Laying out this scenario accomplishes two important objectives: setting clear expectations and soliciting collaborative input. Backing up acknowledged gaps with a plan to fill them will both disarm and engage other senior stakeholders. Further, by getting agreement on a set of short-term assumptions or hypotheses, you can begin the process of experimenting to get closer to the truth.
For example, if the impact of advertising on awareness is known, but the impact of awareness on incremental sales isn’t, some “waterfall” assumptions can be applied based on widely published standards (i.e. 70% awareness leads to 40% favorability, which leads to 25% purchase intention; the net being that a 1% increase in awareness leads to a 0.07% increase in sales). These assumptions can serve as placeholders while test/control markets are created running advertising at different levels and measuring the actual conversions at each stage.

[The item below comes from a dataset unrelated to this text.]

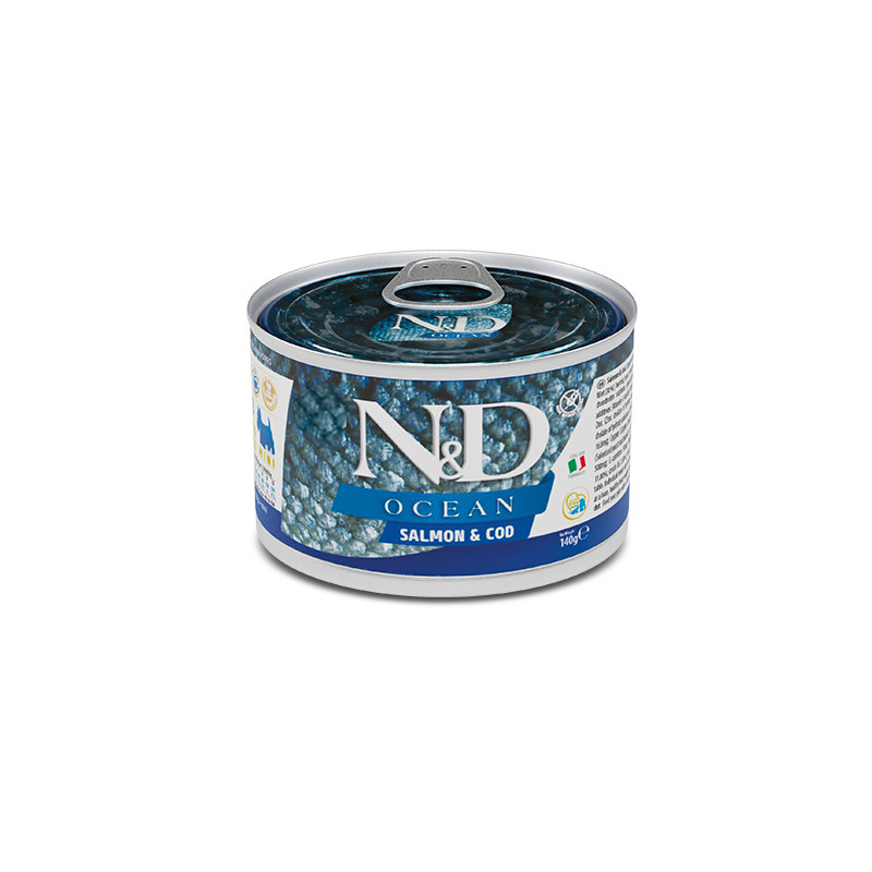 Вологий корм Salmon & Cod Adult MiniСклад: філе лосося (30%), філе тріски (30%), оселедець, тунець, батат, риб'ячий жир, тваринний жир, креветки, фруктоолігосахариди, хондроїтин сульфат, глюкозамін, вітаміни, мінерали.Харчові добавки на кг: Вітамін A 4000IU; Вітамін D3 400IU; Вітамін E 130мг; Холін хлорид 400мг; Цинк (хелат цинку гідрокси аналога метіоніну): 36мг; Марганець (хелат марганцю гідрокси аналога метіоніну): 6. 8 мг; Залізо (залізо(II) хелат гліцин гідрату): 16,8 мг; Мідь (мідь хелат гідрокси аналога метіоніну): 2,9 мг; Селен (селен інактивовані дріжджі): 0,00242 мг; DL-метіонін, технічно чистий 1000 мг; Таурин 500 мг; L-карнітин 50 мг.ПОЖИВНІ РЕЧОВИНИ: волога 76,00%; сирий протеїн 11,00%; сирий жир 2,80%; сира клітковина 0,50%; сира зола 2,70%.ЕНЕРГЕТИЧНА ЦІННІСТЬЕМ Ккал/кг 942 - Мдж/кг 3,94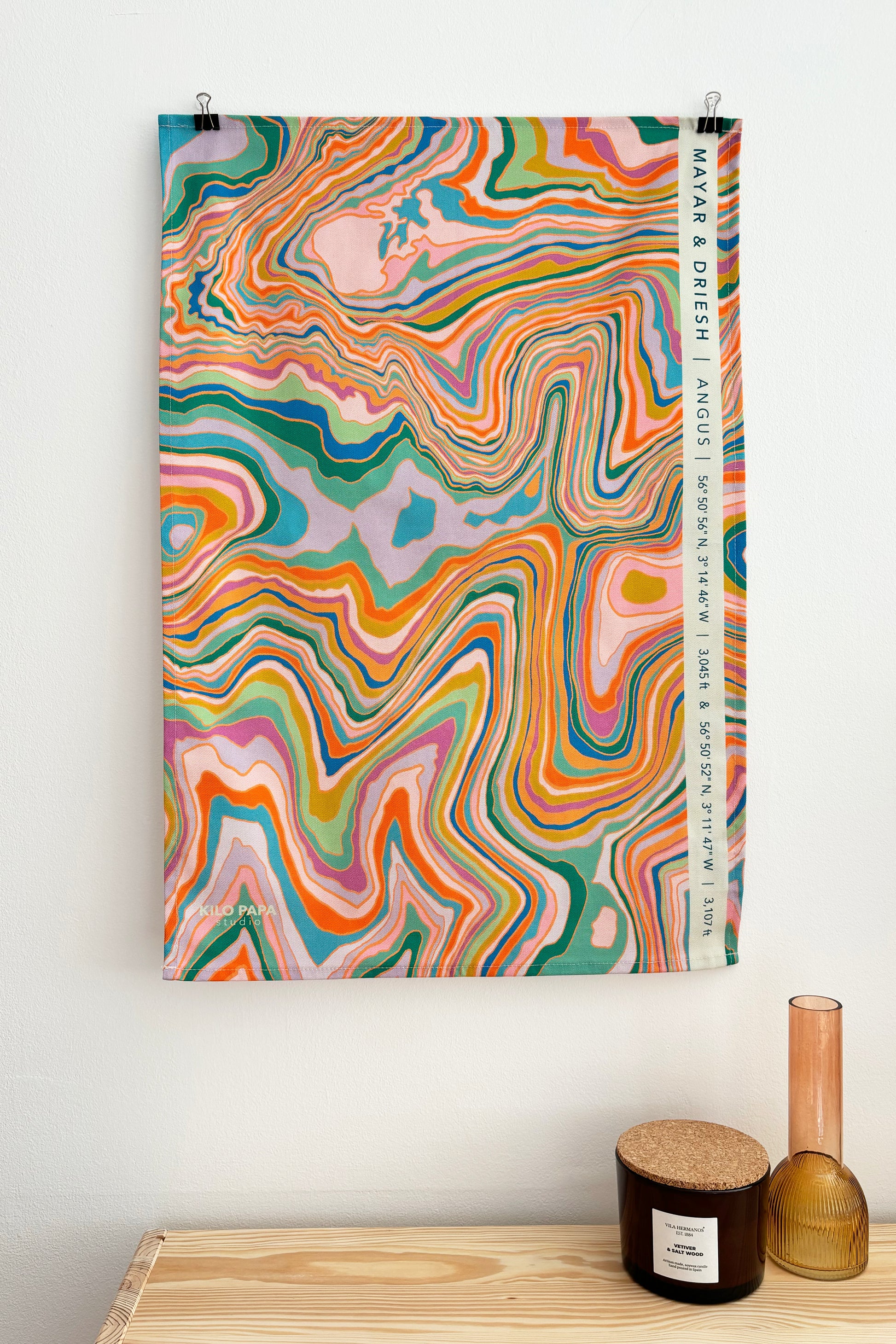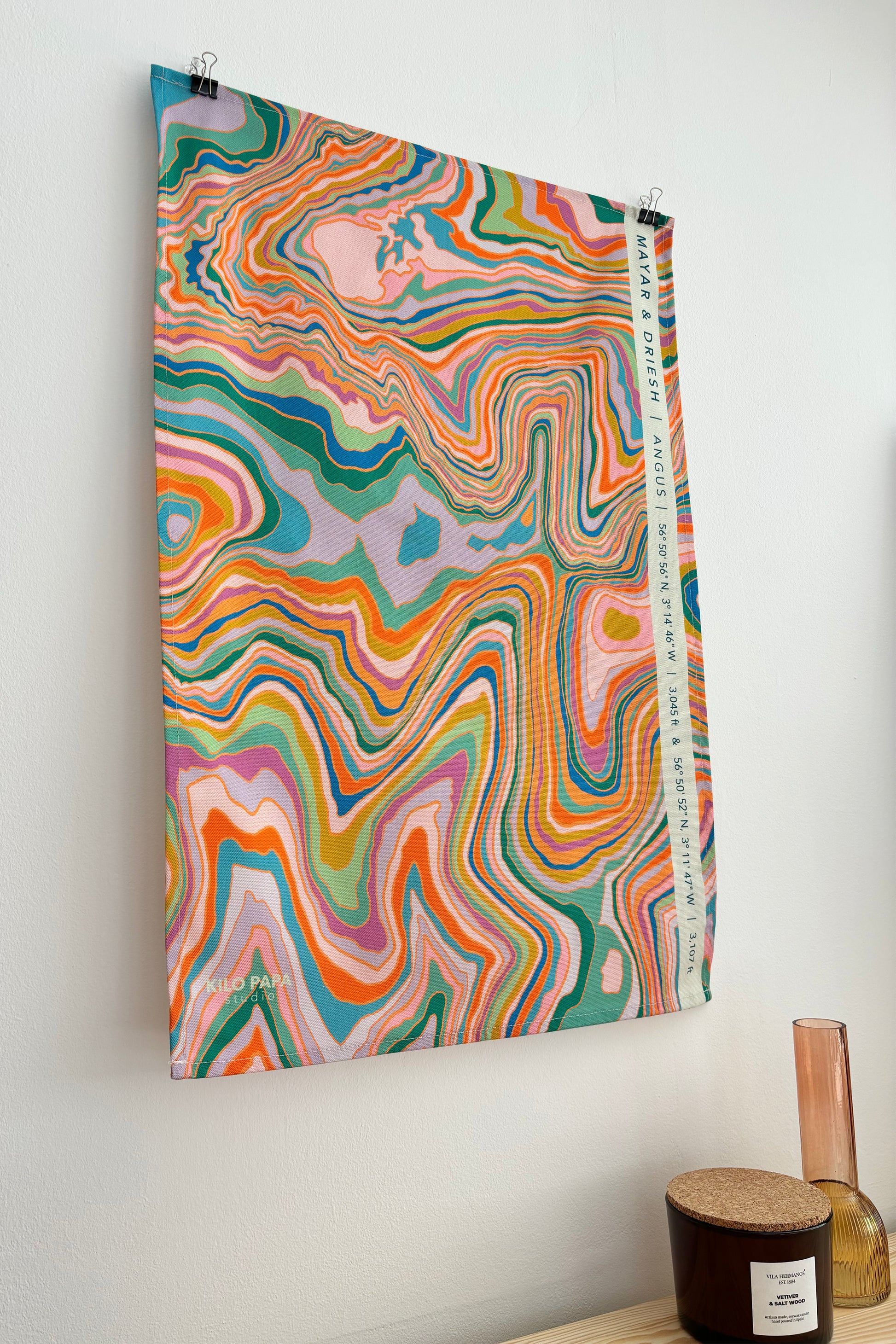 Taken from my colourful topographical map series, this design has been digitally printed onto 100% cotton and made into a tea towel.

Starting With A Baseline of Trust and Credibility
Developing a baseline of credibility requires a CMO to “understand the underpinnings of the business, how things really get done, not just at the top line,” says Stevenson. “Assume that smart things have been done previously and that you don’t have all the answers.”
A CMO, particularly one who’s new to the position or the company, should first develop a fact-based understanding around past initiatives — the successes as well as the failures. This will establish a baseline on the known versus unknown elements of the ROI of marketing programs. “Gaining a baseline is a lot about listening and learning,” says Stevenson. “It requires talking to customers, consumers, peers and also key influencers several levels down.”
A recently hired CMO, in fact, can often gain credibility more quickly by listening rather than just talking. Use the grace period to admit you don’t have all the answers — even if you’ve been brought in as a high-profile turnaround expert. Take the time to develop a list of key questions the company needs to know about its marketing effectiveness. Prioritize the questions based on expected value of the information versus the cost of getting the answers, and then develop an action plan. (For more on this process, see “Searching for Better Planning Assumptions? Start with the Unknowns,” MarketingNPV Journal, Volume 4, Issue 3.)
Stevenson suggests focusing initially on a few priority learning initiatives designed to deliver incremental insight quickly. These quick wins will build confidence among both your peers and your marketing team. “Select one project that has been a major frustration and get it successfully over the finish line,” she suggests. “Find ways to listen and collaborate that allow you to build solid business relationships.”
Abraham Lincoln was quoted as saying, “Better to remain silent and be thought a fool than to speak out and remove all doubt.” Unfortunately, Honest Abe was never asked to justify a multi-million-dollar marketing budget. In the realm of marketing measurement, silence and bluster can be career-threatening, because inevitably, the truth about marketing performance always comes out for all to see.
A higher-probability path to success lies in speaking truth to power, starting with “I don’t know” and working systematically to define, prioritize, and close the knowledge gaps. Admitting limitations sets accurate expectation levels, generates buy-in from all stakeholders involved, and ultimately increases the CMO’s knowledge.
Then your actual (versus perceived) knowledge will translate into a more productive source of power.